Start of Provided material
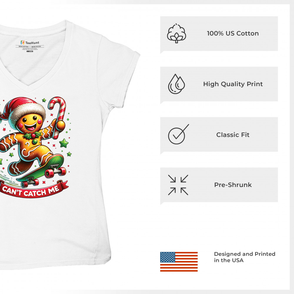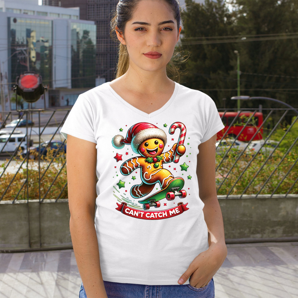 A fun Christmas design featuring a gingerbread character on a skateboard, candy cane in hand, and bright festive colors. Perfect for holiday party outfits, family gatherings, Christmas photos, festive humor fans, stocking stuffer gifting, winter celebrations, and anyone who loves playful seasonal graphics with cheerful personality.
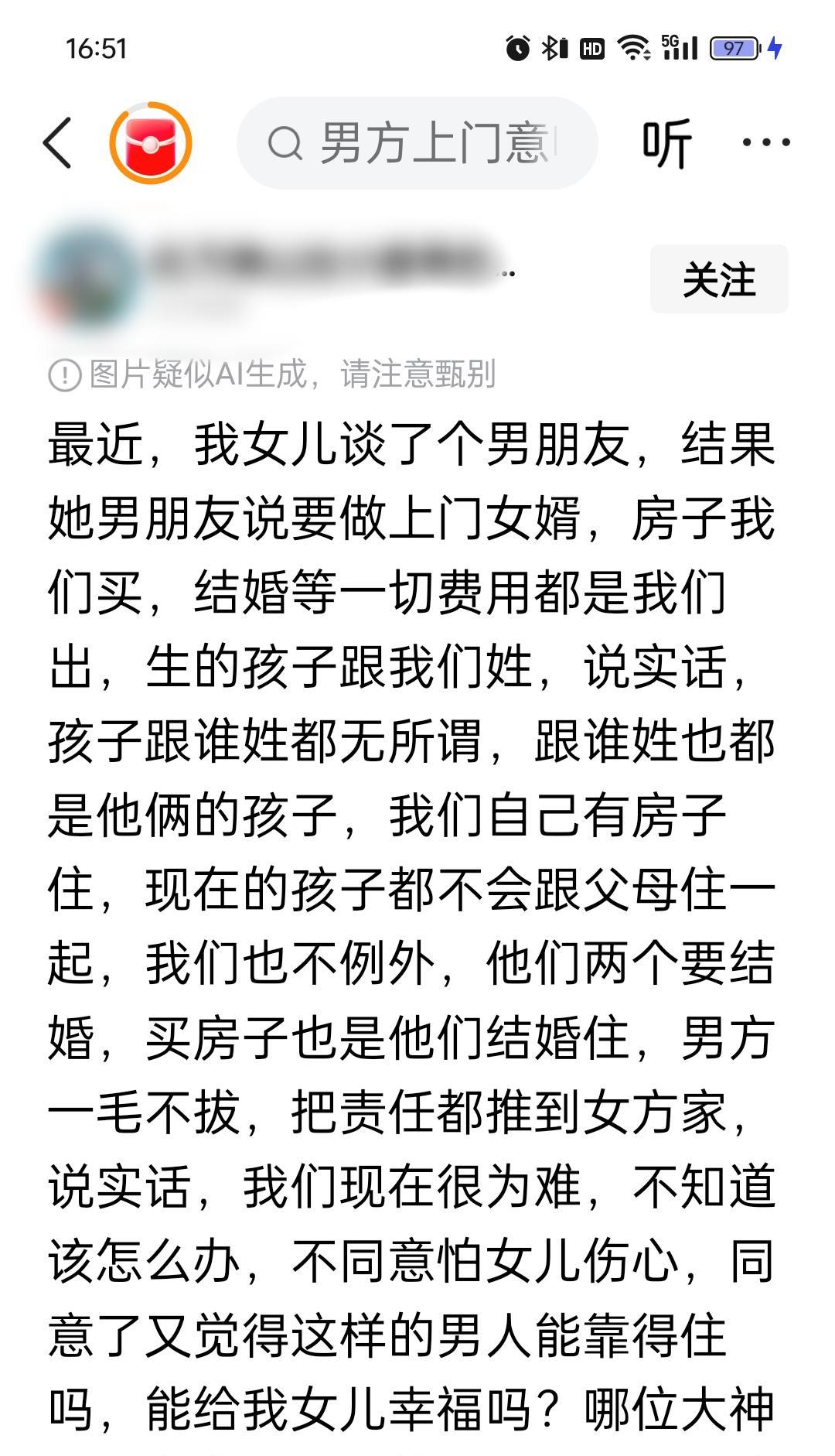 小仙女们总爱说,不给彩礼,男人白得一个孩子,给男方家传宗接代 这不,反制来了 男方主动提出愿意当上门女婿 反而女方开始衡量了 姓什么其实不重要,买房什么的才是真金白银 其实,除了个别农村男,觉得孩子姓女方姓会被别人嘲笑 大部分男人,特别是城市男,又没有族谱,又没人关心他家闲事 之所以买房出彩礼,之所以强调孩子姓他的姓,不过是习惯而已 当然,广东例外
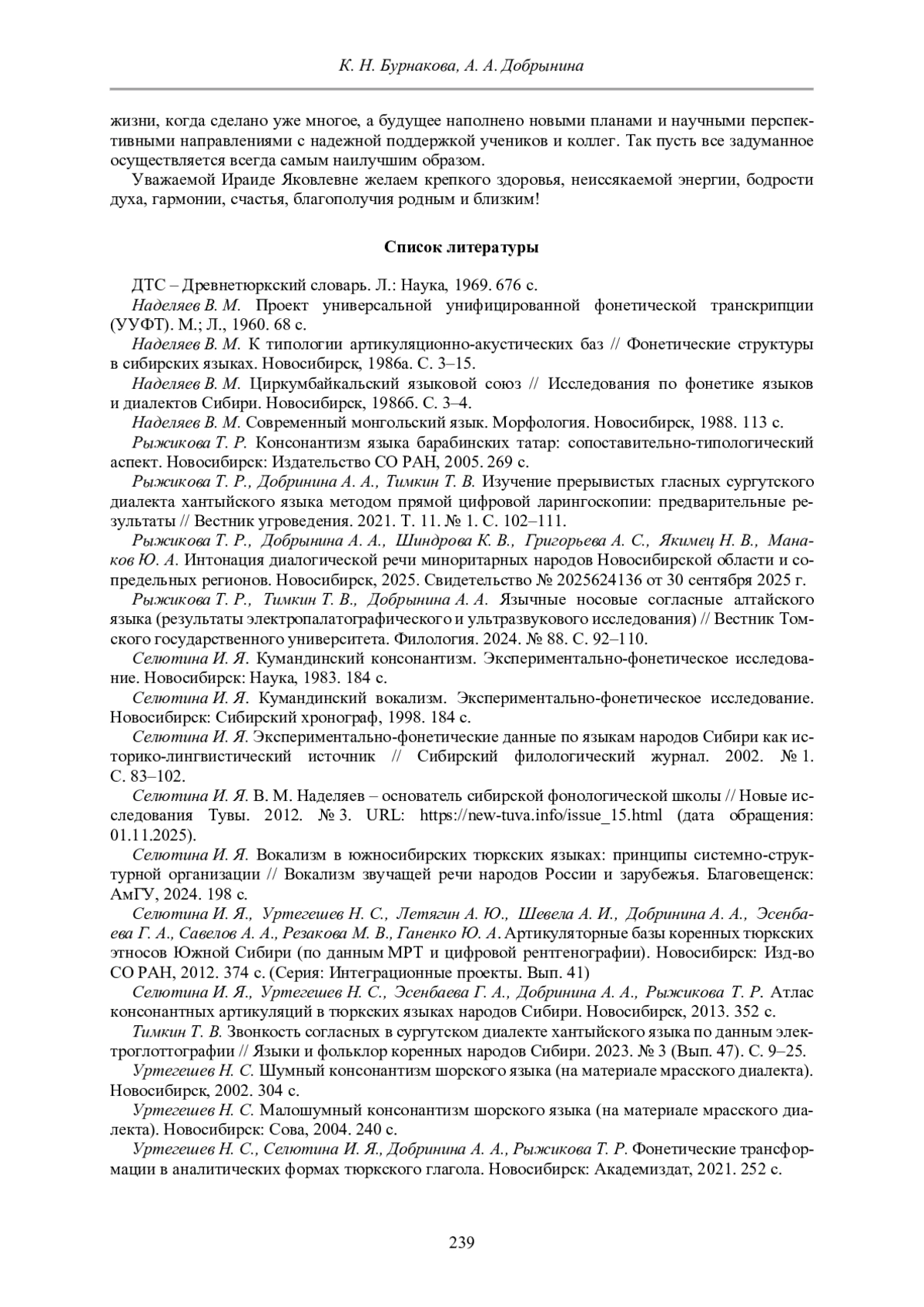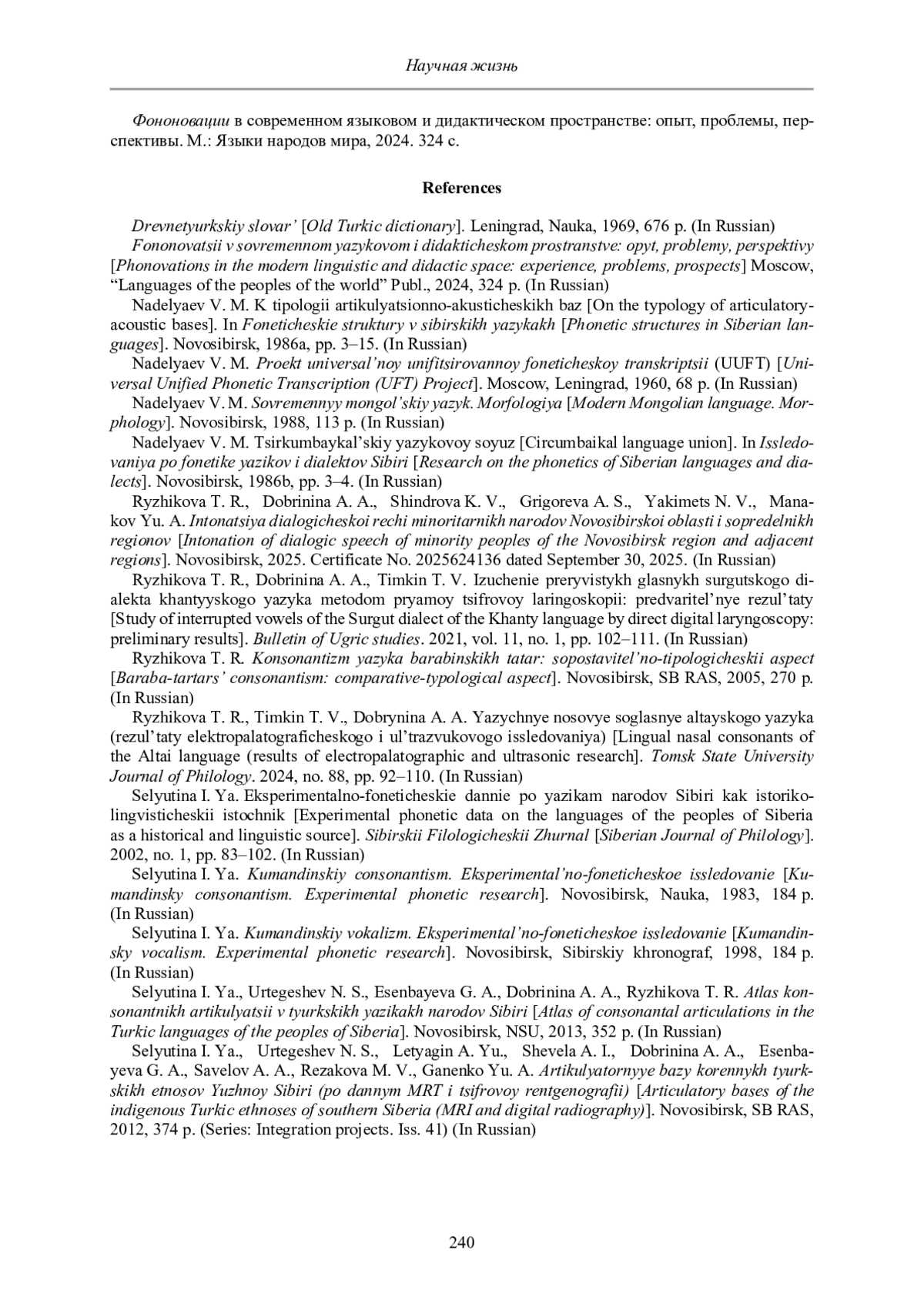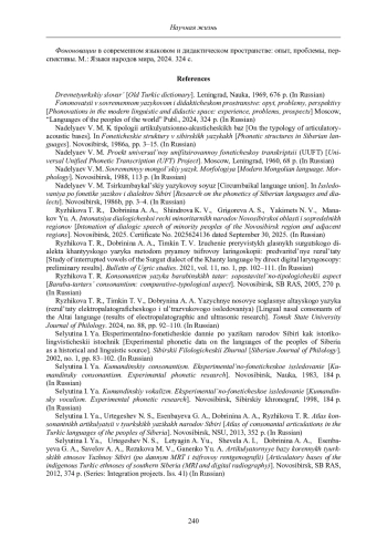 14. Селютина И. Я. Вокализм в южносибирских тюркских языках: принципы системно-структурной организации // Вокализм звучащей речи народов России и зарубежья. Благовещенск: АмГУ, 2024. 198 с.
End of Provided material
Please reproduce nothing but the lines from the one containing "小仙女们总爱说,不给彩礼,男人白得一个孩子,给男方家传宗接代 这不,反制来了 男方主动提出愿意当上门女婿" through the closing line of the listing, retyped word for word, pictures excluded.

* Response box *
 小仙女们总爱说,不给彩礼,男人白得一个孩子,给男方家传宗接代 这不,反制来了 男方主动提出愿意当上门女婿 反而女方开始衡量了 姓什么其实不重要,买房什么的才是真金白银 其实,除了个别农村男,觉得孩子姓女方姓会被别人嘲笑 大部分男人,特别是城市男,又没有族谱,又没人关心他家闲事 之所以买房出彩礼,之所以强调孩子姓他的姓,不过是习惯而已 当然,广东例外
 14. Селютина И. Я. Вокализм в южносибирских тюркских языках: принципы системно-структурной организации // Вокализм звучащей речи народов России и зарубежья. Благовещенск: АмГУ, 2024. 198 с.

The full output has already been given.